Say\((X_n,X)\) is bivariate normal with \(\mu_{X_n}=\mu_X=0\), \(\sigma_{X_n}=1+1/n\), \(\sigma_X=1\) and \(cor(X_n,X)=1\), then \(X_n-X\) has a normal distribution with
\[ \begin{aligned} &E[X_n-X] = 0\\ &var(X_n-X) =var(X_n)+var(X)-2cov(X_n,X)=\\ &(1+1/n)^2+1^2-2(1+1/n)\times 1\times 1 =\\ &1+2/n+1/n^2+1-2-2/n = 1/n^2 \end{aligned} \] and so
\[ \begin{aligned} &P(|X_n-X|<\epsilon) = \\ &2F_{X_n-X}(\epsilon)-1 =\\&2\Phi(n\epsilon)-1 \rightarrow 2\times 1-1=1 \end{aligned} \] as \(n\rightarrow \infty\) because then \(n\epsilon \rightarrow \infty\).
Let \(X\sim U[0,1]\) and \(X_n|X=x\sim U[x,x+1/n]\). Show that \(X_n\rightarrow X\) in probability.
We have \(X<X_n<X+1/n\), or \(0<X_n-X<1/n\). Now let \(n_\epsilon=\lceil 1/\epsilon\rceil\), so that for all \(n>n_\epsilon\) we have \(\epsilon>1/n\) and therefore
\[ \begin{aligned} &P(|X_n-X|<\epsilon) = \\ &P(X_n-X<\epsilon) \ge \\ &P(X_n-X<1/n) = 1 \end{aligned} \]
Let \(X_n\) be a random variable with \(P(X_n=0)=1/n,P(X_n=1)=1-2/n,P(X_n=2)=1/n\). Show that \(X_n\rightarrow 1\) in probability
if \(\epsilon<1\) we have
\[ \begin{aligned} &P(|X_n-X|<\epsilon) = P(|X_n-1|<\epsilon)= \\ &P(X_n=1) = 1- 2/n \rightarrow 1\\ \end{aligned} \]

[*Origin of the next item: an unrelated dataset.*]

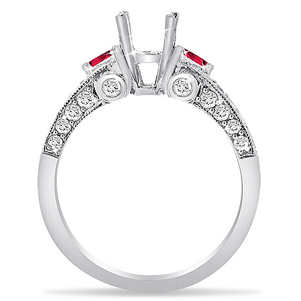 14K White Gold Ring with Trilliant Cut Ruby with pave set and bezel set accent stones.
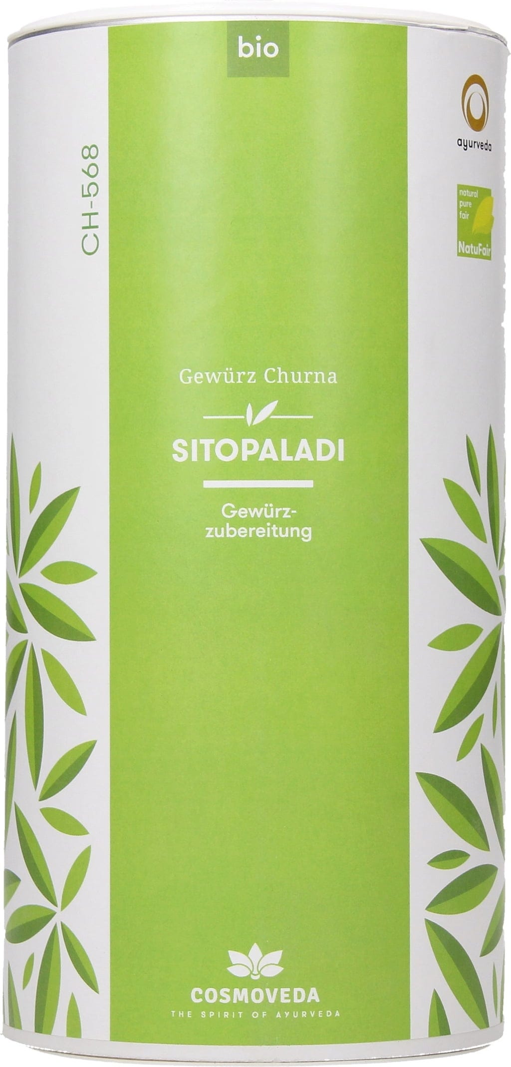 BIO Sitopaladi Churna de Cosmoveda contiene una mezcla de hierbas ayurvédica de Pippali, cardamomo, canela, vamsalochana (Bambusa arundinacea) y azúcar de caña integral de calidad bio.

\[ \begin{aligned} &E[X] = 0\times 1/n + 1\times (1-2/n) +2\times 1/n = 1\\ &E[X^2] = 0^2\times 1/n + 1^2\times (1-2/n) +2^2\times 1/n = 1+2/n\\ &var(X_n) = 1+2/n-1^2=2/n\rightarrow 0\\ \end{aligned} \] so \(X_n\rightarrow 1\) in quadratic mean, and therefore by theorem 3.2.9a also in probability.